Current I = Q/t (A). Charge: Q = It. Electron flow: conventional current opposite to electron drift. EMF (ε): energy per unit charge from a source. PD (V): energy per unit charge transferred to a component. Resistance R = V/I (Ω). Ohm\'s law: V ∝ I at constant temperature (for ohmic conductors). Resistivity: R = ρL/A where ρ = constant for a material at given temperature. Temperature effects: metals → R increases (more lattice vibrations), thermistors (NTC) → R decreases, LDR → R decreases with more light.
Kirchhoff\'s first law (KCL): sum of currents at a junction = 0 (charge conservation). Kirchhoff\'s second law (KVL): sum of EMFs = sum of PDs around a closed loop (energy conservation). Series: I same, V adds, R_total = R₁ + R₂. Parallel: V same, I adds, 1/R_total = 1/R₁ + 1/R₂. Internal resistance: ε = V + Ir → V = ε - Ir. Terminal PD decreases with current.
Two resistors in series share the source PD. V_out = V_in × R₂/(R₁+R₂). Used with sensors: thermistor in divider → output voltage changes with temperature. LDR in divider → output voltage changes with light intensity. Design: choose where to place the variable resistor to get desired relationship (e.g., V_out increases with temperature or decreases).

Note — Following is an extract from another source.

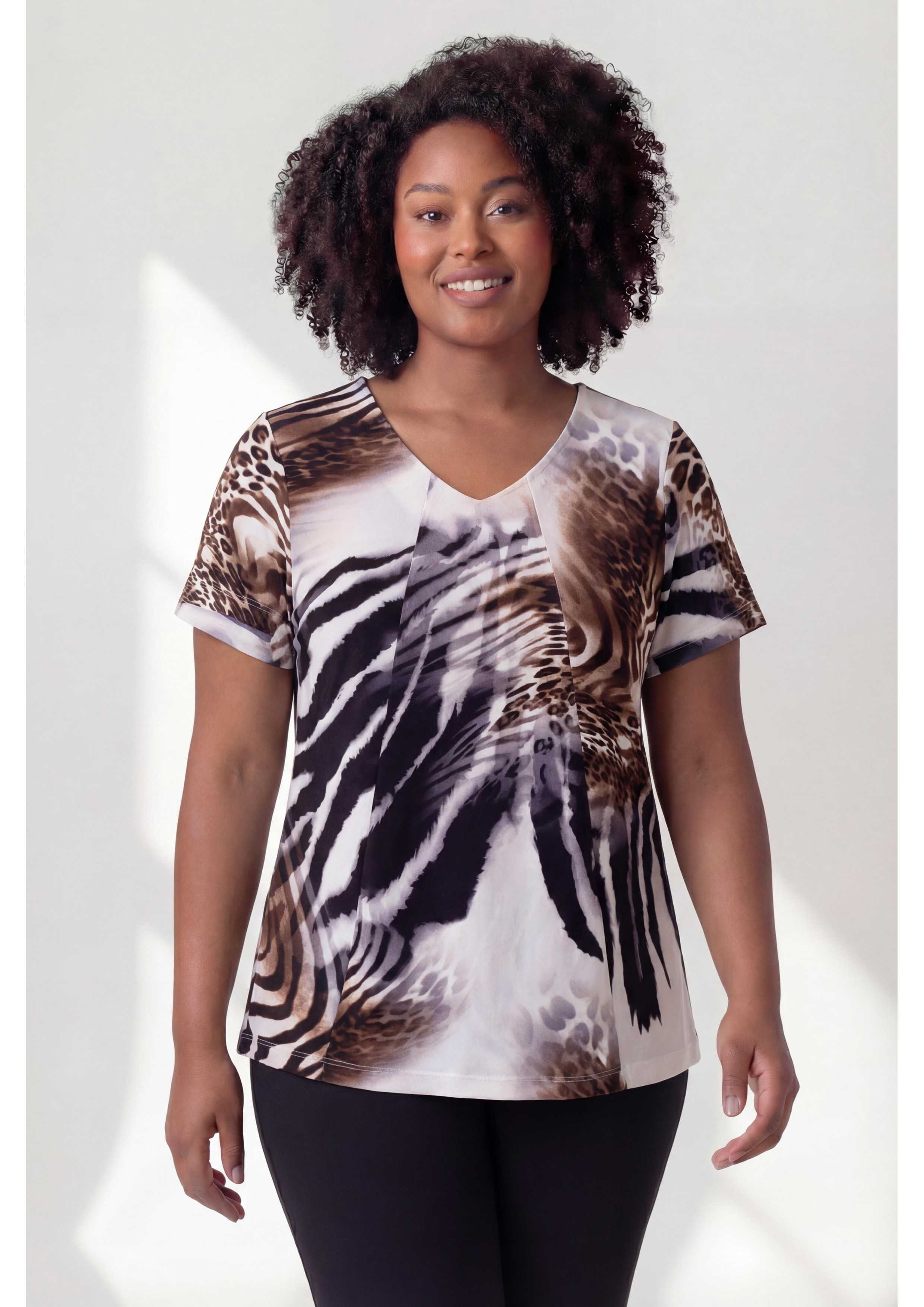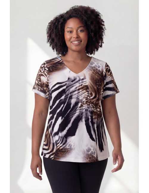 Camisola em malha estampada, tons castanhos, manga curta decote em bico com vista interior. Dois cortes diagonais na frente, modelo ligeiramente evasé. Disponível em Tamanhos Grandes Produto de desenho e fabrico próprio. Somos uma marca de confeção de vestuário com mais de 50 anos de experiência

EMF (electromotive force) is the energy per unit charge transferred FROM chemical/other energy TO electrical energy by a source (e.g., battery, generator). PD (potential difference) is the energy per unit charge transferred FROM electrical energy TO other forms by a component (e.g., resistor → heat, motor → kinetic). Both measured in volts (J/C). The terminal PD of a battery is less than its EMF because some energy is "lost" internally: V = ε - Ir. Only when no current flows (open circuit) does terminal PD equal EMF.